The Japan Art Association and Lord Patten of Barnes, Praemium Imperiale’s International Advisor in the UK, have announced the recipients of the 2023 Praemium Imperiale Awards:
Painting: Vija CELMINS (Latvia/USA)
Sculpture: Olafur ELIASSON (Iceland/Denmark)
Architecture: Francis KÉRÉ (Burkina Faso/Germany)
Music: Wynton Marsalis (USA)
Theatre/Film: Robert Wilson (USA)
Each Laureate receives an honorarium of 15 million Yen (c. £90,000). The awards are given by the Japan Art Association under the honorary patronage of HIH Prince Hitachi, younger brother of the Emperor Emeritus of Japan.
Lord Patten remarked, ‘This year the Japan Art Association have selected 5 outstanding artists with huge global reach for the Praemium Imperiale awards.

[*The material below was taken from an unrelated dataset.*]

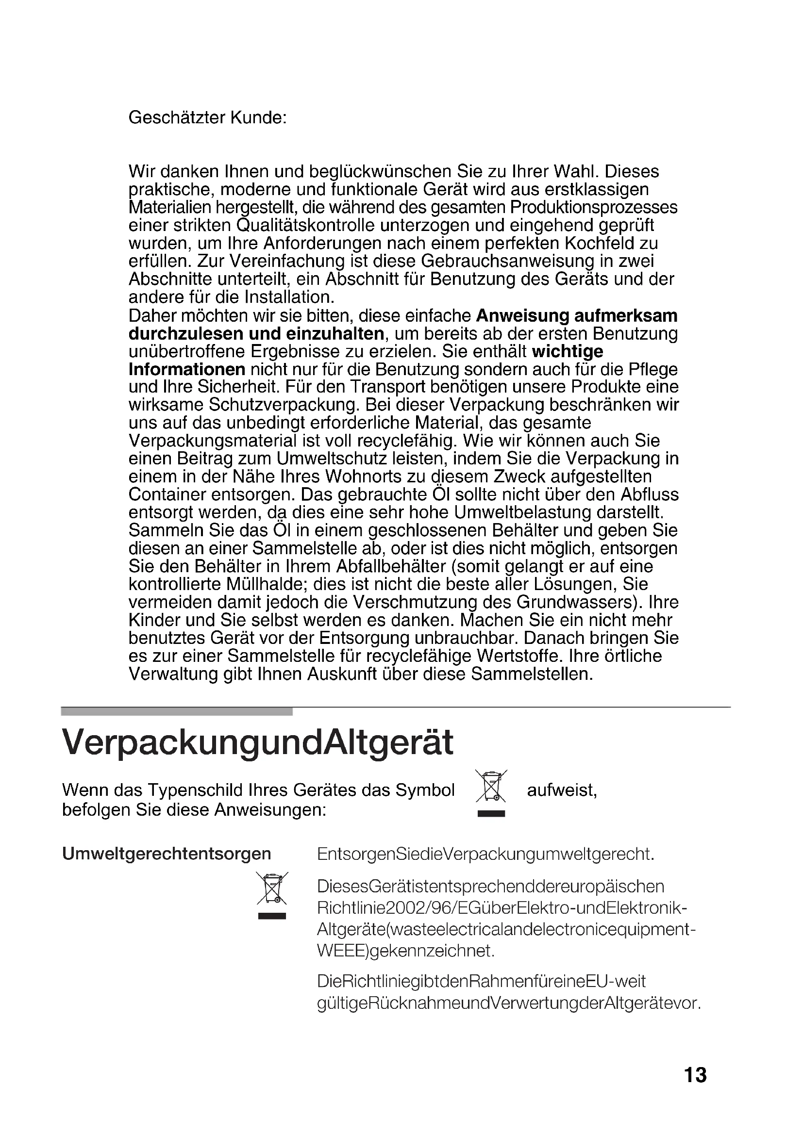 The high temperatures suffered by the cover on the triple-flame burner ring and the stainless steel parts on your hob (plate rings, grease trays, area around burners, etc) may become discoloured over time. This is NORMAL. Clean them after use with a product suitable for stainless steel. After washing the pans support, dry them thoroughly before cooking with them again. The presence of droplets of water or dampness at the beginning of the cooking process may damage the enamel surface. Be careful with the feet on the metal grids when cleaning them; if they are detached, the grid may scratch the glass next time it is used.Troubleshooting ...if none of the electrical system works? -Faulty fuse. -Check the fuse in the main fuse box and replace it if it is faulty -The automatic circuit breaker or mains differential has been triggered. -Check to see if the circuit breaker or a differential has been triggered in the mains supply box ...if the electric ignition system does not work? -There may be food or cleaning product particles between the spark plugs and the burners. -The burners are wet. -Dry the burner covers and spark plugs carefully. -Check that the covers have been put in the proper position. -The covers on the burners are not in the right position. ...if the flame on the burners is not evenly distributed? -The burner components have not been assembled properly. -The gas outlets on the burners are dirty. -Put the components in their correct positions. -Clean the gas outlets on the burners. ...if the gas flow does not seem normal or there is no gas flow at all? -The gas flow has been cut at an intermediate stopcock. -If the gas is supplied from a gas bottle, it may be empty. - Open any intermediate stopcocks. -Replace the gas bottle with a full one. ...if the kitchen smells of gas? -One of the valves has been left open. -Possible leak on the gas bottle coupling. -Check to see if a valve has been left open. -Check that the coupling on the gas bottle is in order. What´s wrong Possible cause Solution -The gap between the spark plug and the burner needs to be cleaned carefully. It is not always necessary to call the Service Centre. In some cases, you may be able to solve the problem yourself. This table contains some useful information. Important information: Only authorised personnel from our Service Centre are qualified to work on the main gas and electric systems. ...if the safety devices on the different burners do not work? -The control knob has not been kept pressed in for long enough. -The outlets on the burners are dirty. -Once ignited, keep the control knob pressed in for a few seconds. -Clean the gas outlets on the burners. 11Conditions of warranty The conditions of warranty are those set out by our company's representatives in the country where you purchased your appliance. The salesperson that sold you the appliance will be only too pleased to inform you as to the details of these conditions. Proof of purchase must be produced when making any kind of claim against the warranty. The manufacturer reserves the right to modify these conditions. Should you need to contact our Service Centre, please quote the following information: E - NR FD These indications appear on your appliance's characteristics plate on the bottom of your appliance. 12Geschätzter Kunde: Wir danken Ihnen und beglückwünschen Sie zu Ihrer Wahl. Dieses praktische, moderne und funktionale Gerät wird aus erstklassigen Materialien hergestellt, die während des gesamten Produktionsprozesses einer strikten Qualitätskontrolle unterzogen und eingehend geprüft wurden, um Ihre Anforderungen nach einem perfekten Kochfeld zu erfüllen. Zur Vereinfachung ist diese Gebrauchsanweisung in zwei Abschnitte unterteilt, ein Abschnitt für Benutzung des Geräts und der andere für die Installation. Daher möchten wir sie bitten, diese einfache Anweisung aufmerksam durchzulesen und einzuhalten, um bereits ab der ersten Benutzung unübertroffene Ergebnisse zu erzielen. Sie enthält wichtige Informationen nicht nur für die Benutzung sondern auch für die Pflege und Ihre Sicherheit. Für den Transport benötigen unsere Produkte eine wirksame Schutzverpackung. Bei dieser Verpackung beschränken wir uns auf das unbedingt erforderliche Material, das gesamte Verpackungsmaterial ist voll recyclefähig. Wie wir können auch Sie einen Beitrag zum Umweltschutz leisten, indem Sie die Verpackung in einem in der Nähe Ihres Wohnorts zu diesem Zweck aufgestellten Container entsorgen. Das gebrauchte Öl sollte nicht über den Abfluss entsorgt werden, da dies eine sehr hohe Umweltbelastung darstellt. Sammeln Sie das Öl in einem geschlossenen Behälter und geben Sie diesen an einer Sammelstelle ab, oder ist dies nicht möglich, entsorgen Sie den Behälter in Ihrem Abfallbehälter (somit gelangt er auf eine kontrollierte Müllhalde; dies ist nicht die beste aller Lösungen, Sie vermeiden damit jedoch die Verschmutzung des Grundwassers). Ihre Kinder und Sie selbst werden es danken. Machen Sie ein nicht mehr benutztes Gerät vor der Entsorgung unbrauchbar. Danach bringen Sie es zur einer Sammelstelle für recyclefähige Wertstoffe. Ihre örtliche Verwaltung gibt Ihnen Auskunft über diese Sammelstellen.

I’m particularly delighted with the selection of Rural Studio for the Grant for Young artists. Led by British architect, Andrew Freear, it is a powerful demonstration of the transformational power of the arts, especially when integrated into the community.’
Winner of nine Grammy Awards and the Pulitzer Prize for Music, the New Orleans-born Wynton Marsalis is celebrated as a trumpeter, bandleader, composer and advocate of American culture. As the only musician to have won a Grammy in both jazz and classical categories in the same year, Marsalis and his compositions are familiar presence on UK concert platforms. On 9th November at the Royal Festival Hall, Marsalis’ Violin Concerto will be performed by the violinist Nicola Benedetti with the Philharmonia Orchestra and the conductor Santtu-Matias Rouvali. Marsalis said, ‘This piece was written for Nicola Benedetti. It takes inspiration from her life as a traveling performer and educator who enlightens and delights communities all over the world with the magic of virtuosity. Scored for symphony orchestra, with tremendous respect for the demands of that instrument, it is nonetheless written from the perspective of a jazz musician and New Orleans bluesman. We believe that all human beings are connected in the essential fundamentals of life: birth, death, love, and laughter, that our most profound individual experiences are also universal (especially pain); and acknowledging the depth of that pain in the context of a groove is a powerful first step towards healing.’
Subject of a major Tate Modern retrospective in 2019/20, Olafur Eliasson is in the process of developing his first permanent outdoor artwork in the UK. Provisionally named ‘Your daylight destination,’ the new landmark artwork for the Cumbrian coastline in Northwest England is developed by Studio Olafur Eliasson in close collaboration with British writer Robert Macfarlane after a series of exploratory visits in 2021/2022. The design, proposed for a site near Silecroft, uses the beach as a stage for an expansive artwork utilising the daily tides, sea water and light. The proposal was commissioned by the Copeland Borough Council as part of a new area wide art programme for Copeland entitled ‘Deep Time: Commissions for the Lake District Coast.’
In addition to the Praemium Imperiale Awards, the 5 million Yen (c. £30,000) Grants for Young Artists, selected this year by International Advisor Hillary Rodham Clinton, have been awarded to Harlem School of the Arts in New York and Rural Studios in Newbern, Alabama. Led by the British architect Andrew Freear, Rural Studio was founded 30 years ago and is regarded as one of the oldest, most influential, and well-respected design-build programmes in the world. Rooted in Hale County and part of Auburn University’s School of Architecture, Planning and Landscape Architecture, more than 1,200 students have been educated through Rural Studio’s context-based service-learning curriculum, where students live and work alongside neighbours. Freear and his students have together designed and built more than 220 community buildings, homes, and parks in their under-resourced community.
Since 1989, the Praemium Imperiale Awards have been given annually in the categories of Painting, Sculpture, Architecture, Music and Theatre/Film; covering fields of achievement not represented by the Nobel Prizes. The Laureates are selected from a list submitted by six International Advisors to the Japan Art Association. In order to maintain the Awards' mandate to select candidates who have made a major international impact in their particular field, the International Advisors for the Awards and their committees are committed to looking beyond their own national boundaries for ground-breaking artists to recommend to the Japan Art Association.
Previous British winners include David Hockney, Mona Hatoum, Anish Kapoor, Antony Gormley, Norman Foster, Richard Rogers, David Chipperfield, Judi Dench, Anthony Caro and Tony Cragg.